OK...This is my thin girl. My son put his fingers in the "triangle " groove to emphasize it...the light in the garage is difficult to try and show this on the camera










this my fat kid, Truffles, She doesn't have any "handle" or "Triangle"









The scrape on her back is from her doing the jellyfish thing to squeeze through the 4x6 inch squares in the fence panels....she is huge but thinks she can still fit...kinda like me n skinny jeans


----------



## Stacykins (Aug 12, 2012)

I definitely get what you mean with her looking thinner, especially visible in the hip area. Suzie and Dulce are the same height at the withers, so that 5lbs more Dulce has fills her out more. Suzie doesn't look badly thin, just a bit less than desired?


----------



## 20kidsonhill (Aug 12, 2012)

First off, I think they look really good. 

secondly, to help give you an idea about amount of grain, at least the upper limit.  When people feed out their meat wethers they are aiming for 3.5% to 4% of the wethers body weight in grain a day. So a 50 lb wether would be eating 2 lbs of grain a day, if they were getting 4% of their body weight a day in show grain.  They rarely get any hay, or pasture. 

I have found when weighing my feed and measuring the volumn, our pelleted goat feed is pretty close to 3 measuring cups per lb of feed. So a 50 lb kid being fed out for the fair could possibly be getting 6 cups of our pelleted feed a day. There will be a slight different in feeds when comparing volumn to weight, especiallly comparing a dry pelleted feed to a sweat feed ration. 

I realize these aren't meat goats, but Hope that helps give you a different way of looking at the feed.


----------



## ragdollcatlady (Aug 12, 2012)

> Suzie doesn't look badly thin, just a bit less than desired?

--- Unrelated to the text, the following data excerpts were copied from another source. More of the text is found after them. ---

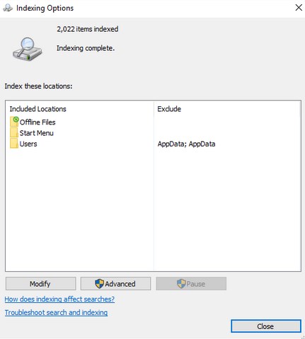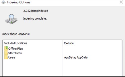 On Windows 10, Windows indexes two particularly important locations by default. It indexes the “Start Menu” folder, so it can find and return application shortcuts. It also indexes your “Users” folders, with the exception of the hidden AppData, or Application Data, folders.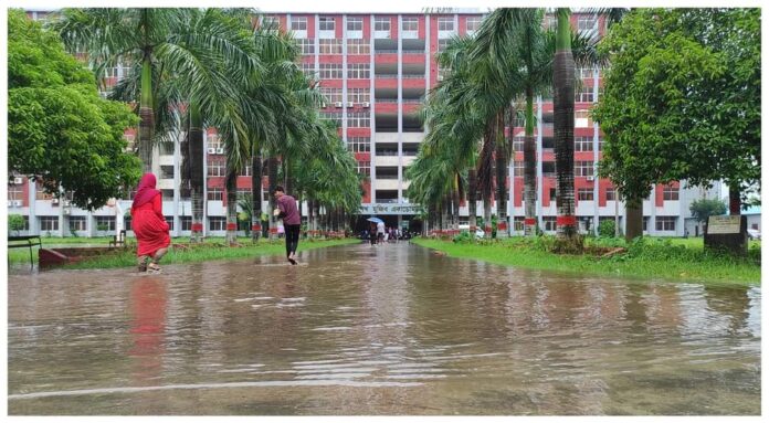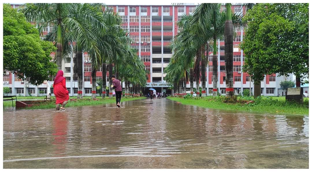 রবিবার (২৪ সেপ্টেম্বর) দেখা যায়, একাডেমিক ভবনগুলোর সামনে, ক্যাম্পাসের ভিতরে সকল রাস্তা, ক্যাম্পাসের বাস্কেটবল গ্রাউন্ড, দুটি একাডেমিক ভবনের বিভিন্ন ফ্লোরে ও সিঁড়িতে পানি জমে আছে। ক্লাস পরীক্ষা চলমান থাকায় বৃষ্টির মধ্যে জলাবদ্ধতার জায়গায় কাপড় একটু উঁচিয়ে জুতা হাতে নিয়ে একাডেমিক ভবনে প্রবেশ করেছে শিক্ষার্থীরা, সিড়িতে উঠার সময় পিছলে পড়ার সম্ভাবনাও রয়েছে। একদিকে বৃষ্টি অন্যদিকে জলাবদ্ধতা এ দুই মিলিয়ে ভোগান্তিতে পড়েন শিক্ষক, শিক্ষার্থী, কর্মকর্তা ও কর্মচারীরা।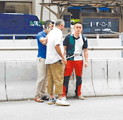 目擊者陳先生指,當時途經目睹一名紅褲男子欲跨欄跳落行車隧道,隨即遭一名南亞漢追上阻止。紅褲男子腰纏狗繩,南亞漢追上後即抓住繩頭不放,再用手機報警。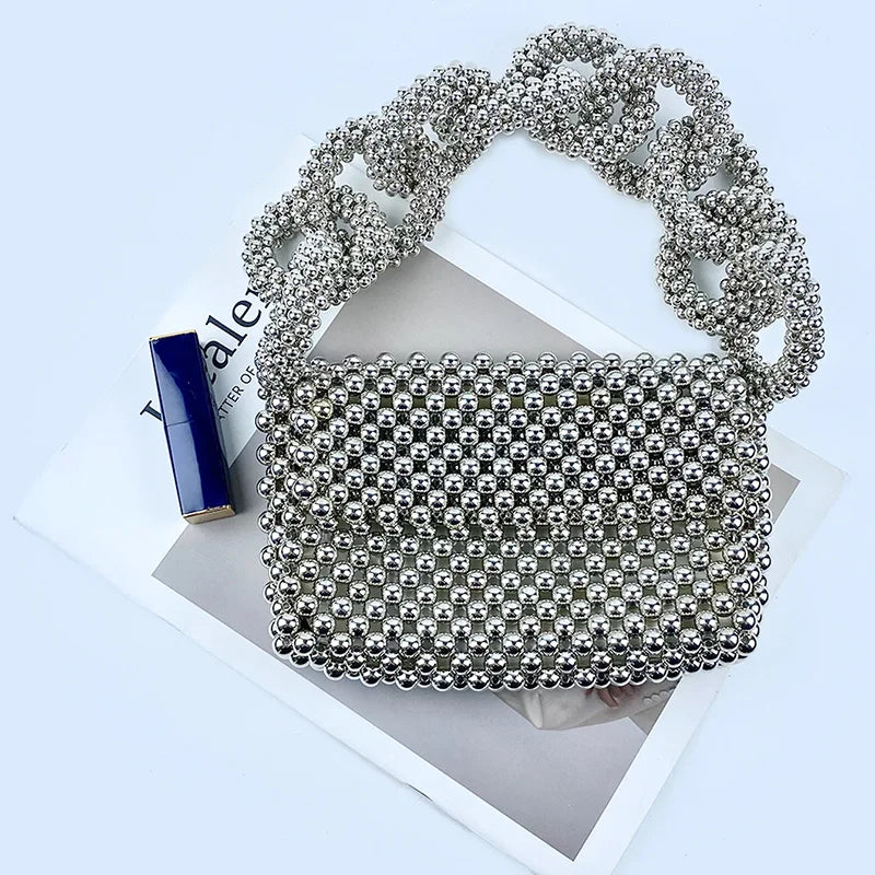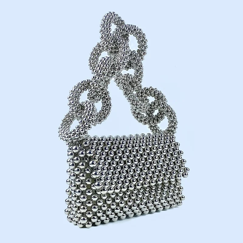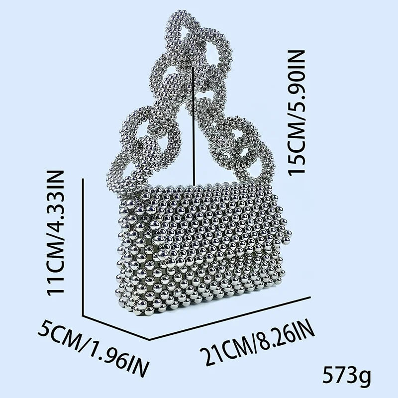 The eye-catching Kombè is meticulously crafted with intricate beadwork throughout, creating a shimmering texture that adds elegance to any outfit. The unique chain-link handle is made from large, beaded loops, giving it a modern twist on classic handbag designs. Perfect for evening events, special occasions, or as a statement piece for daily wear, this bag is both stylish and functional. Compact yet spacious enough for essentials, it’s an exquisite piece for the fashion-forward individual.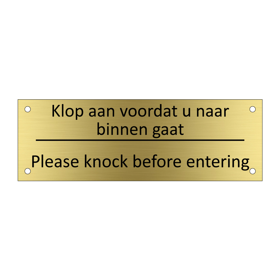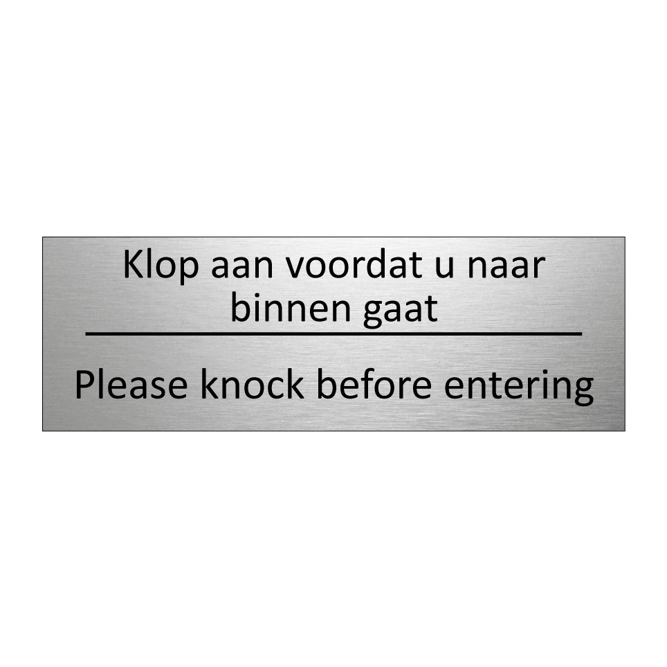 Informatiebord met tekst in het nederlands en engels. Dit bord luidt: Klop aan voordat u naar binnen gaat evenals met de engelse vertaling Please knock before entering.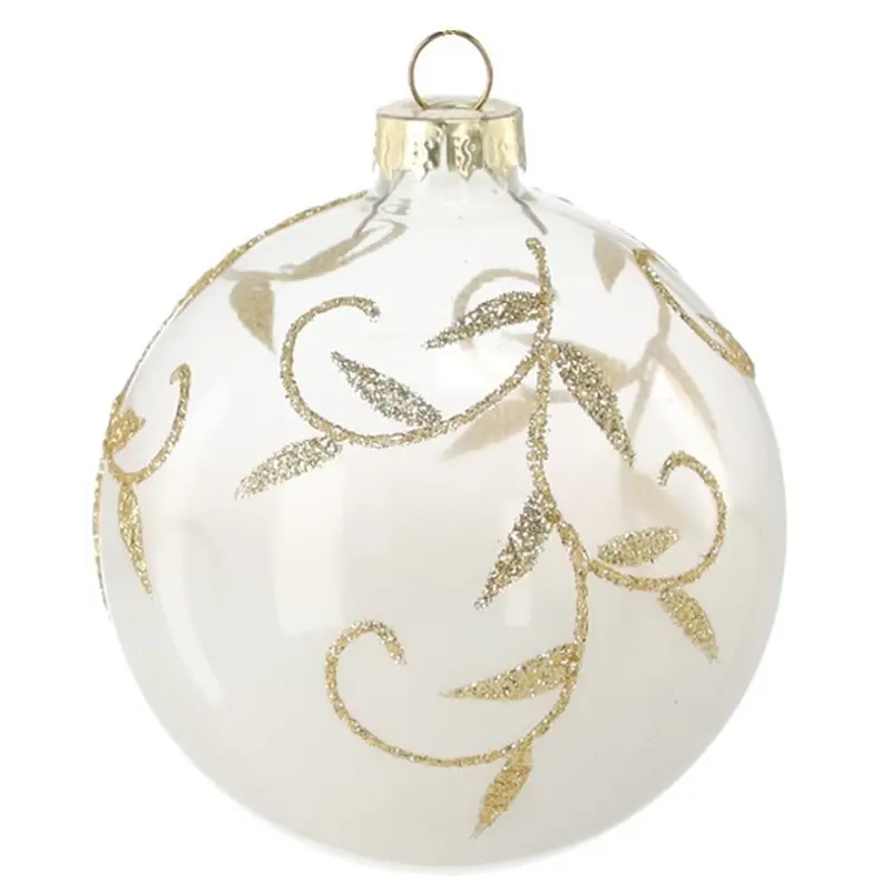 Ялинкова скляна прикраса Chomik біла, 8 см, візерунок гілка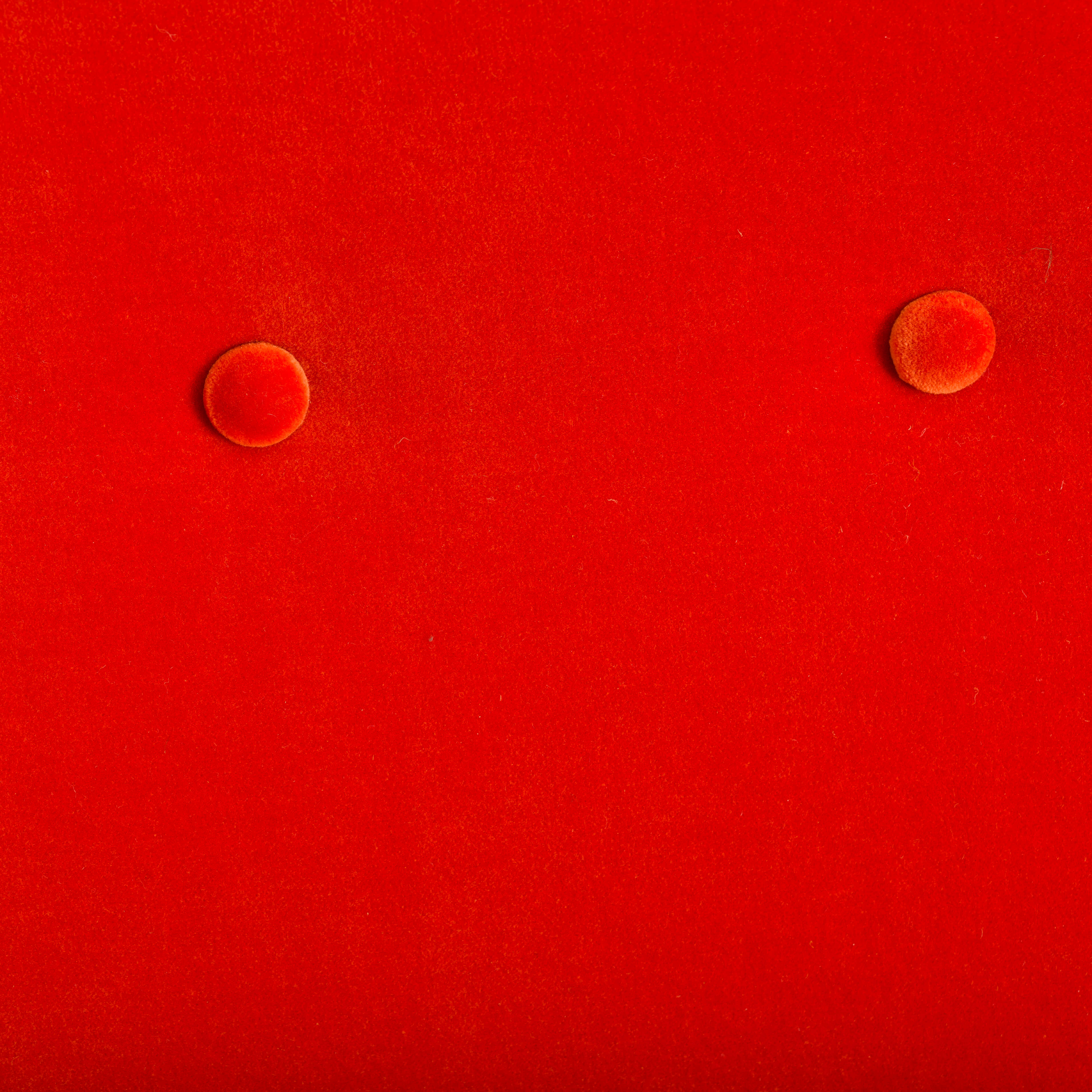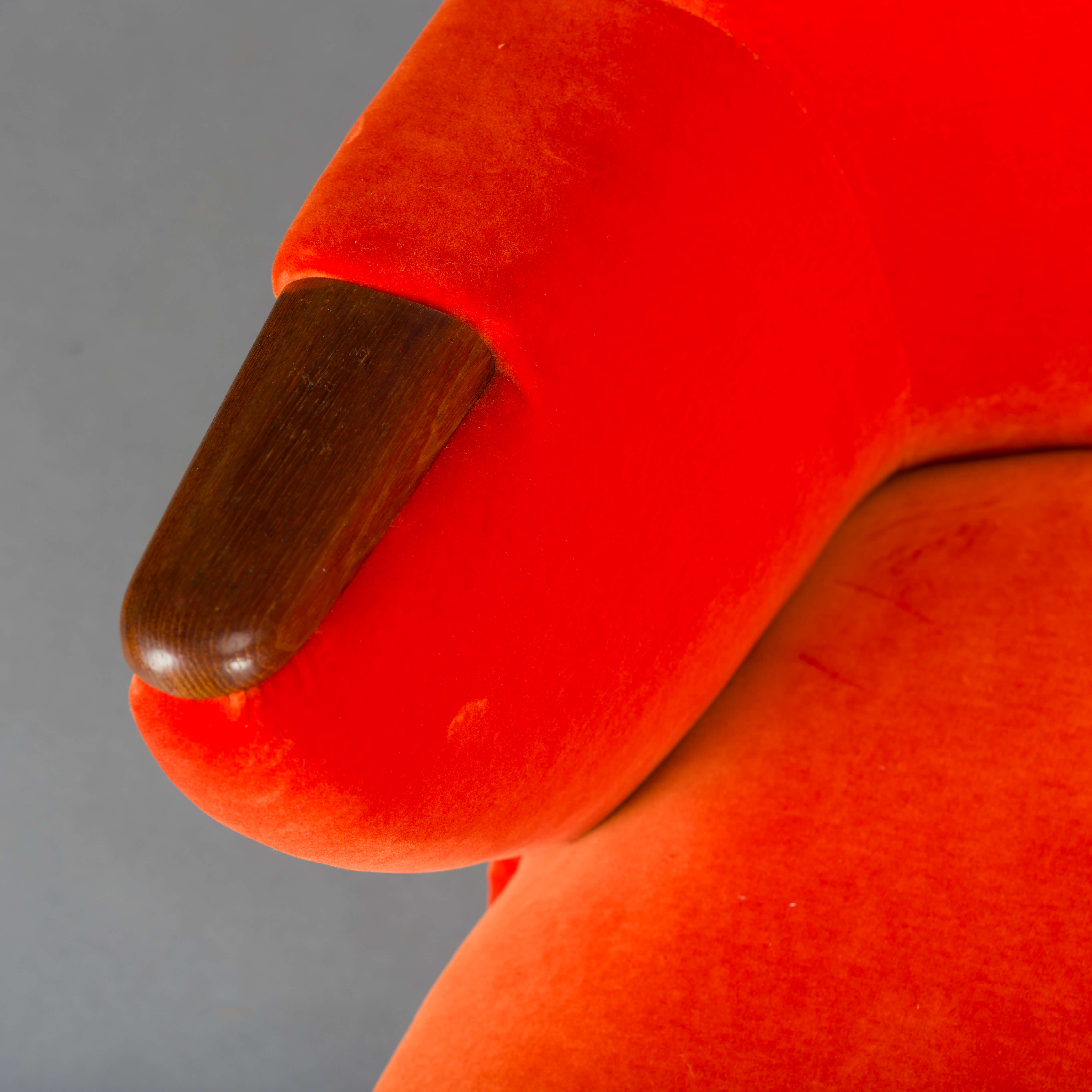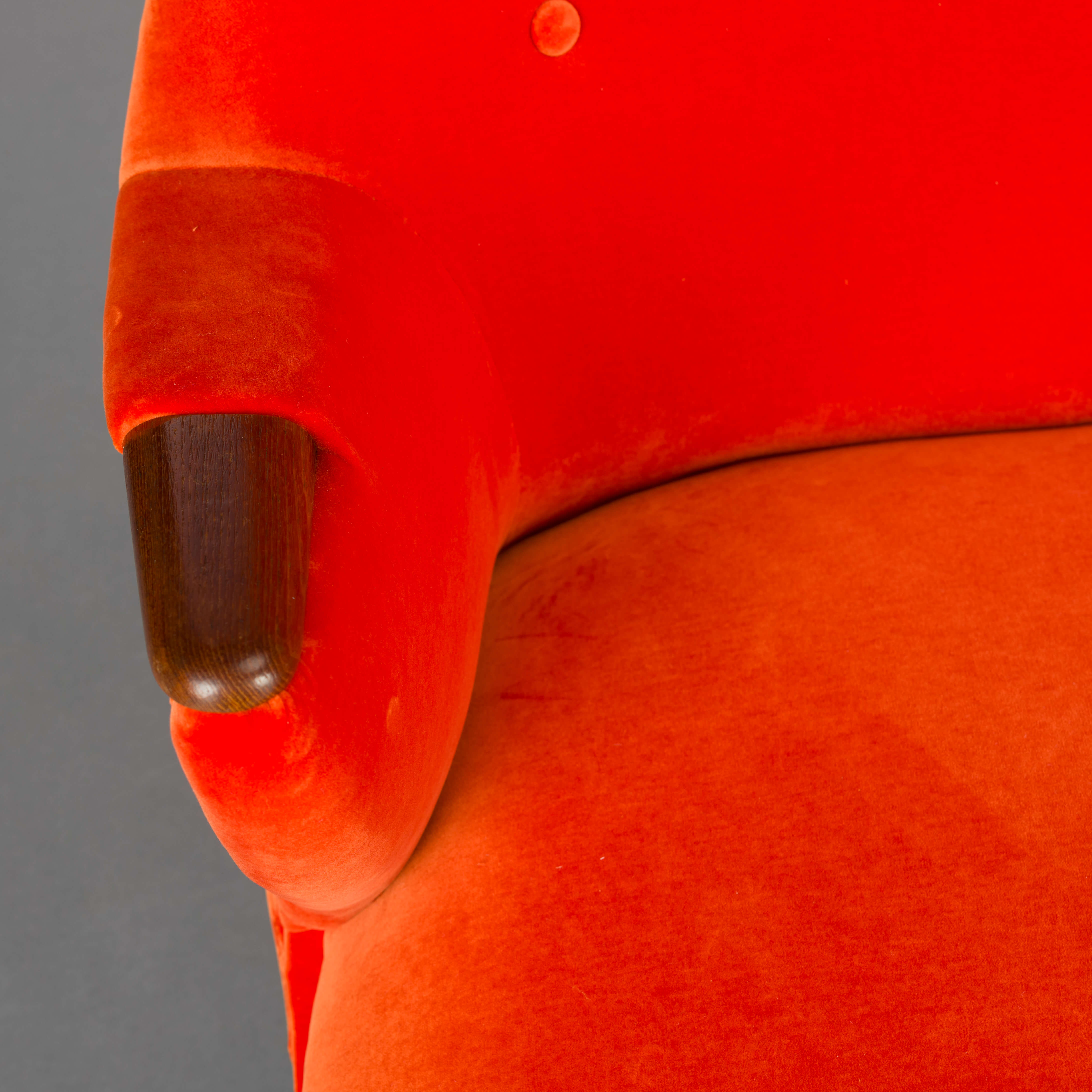 Very elegantly lined curved vintage design sofa that has taken in some of the design signatures of Finn Juhl and Kurt Olsen. Although no make marks were found we believe this piece was made mid 60s in the CFC Silkeborg furniture factory. The sofa has been reupholstered with Kvadrat Harald 3 a fresh soft velvet fabric. It has a very intense orange colour that colour shifts depending on the perspective. Fabric designer Raf Simons adds that this is a fabric particularly suited for interior living spaces.

Exactly...Your goats look like they have nice shiny coats, and look sturdy, bright and alert. 

If they were mine...I would most likely increase Suzies feed some. I know that some of the other breeds of larger goats may tend to look thin when they have recently kidded or are in milk. Some babies (like Nubians) also look really lean. I have only had 7 baby goats raised here (6 nigerian and 1 nubian) and my nigerian babies don't have the "triangle" (that is just my term but when I see it, it makes sense). 

I did have one that, in the wild, would have certainly not made it. She was so passive that when her mom literally kicked her off a teat, she would quit. Even when I held mom down. I ended up offering to let the babies nurse on my other does when I was milking if they were hungry still. They learned to come to me if they wanted some more milk. Their mom was a FF and not totally sold on the program. But I thought they were weaned around 5 weeks from mom (still nursing from my other does at milking time) only to see that just a few weeks ago I was still seeing fat little Truffles sneaking a nice long swig of the good stuff while out in the back pasture with mom! I guess she is coming around. Abby was smaller than Truffles but I don't recall seeing the triangle, so I think she was an OK weight. Just a little smaller. 

You might find that if she eats more browse or hay, her hay belly will fill up some of that space. If you saw the posts with the thinness drawing/scale, that is a pretty good, descriptive guide...I could totally see where my thin girl would be at.

Hope this helps. I am not trying to be critical, your goats do really and truly look well fed and cared for.


----------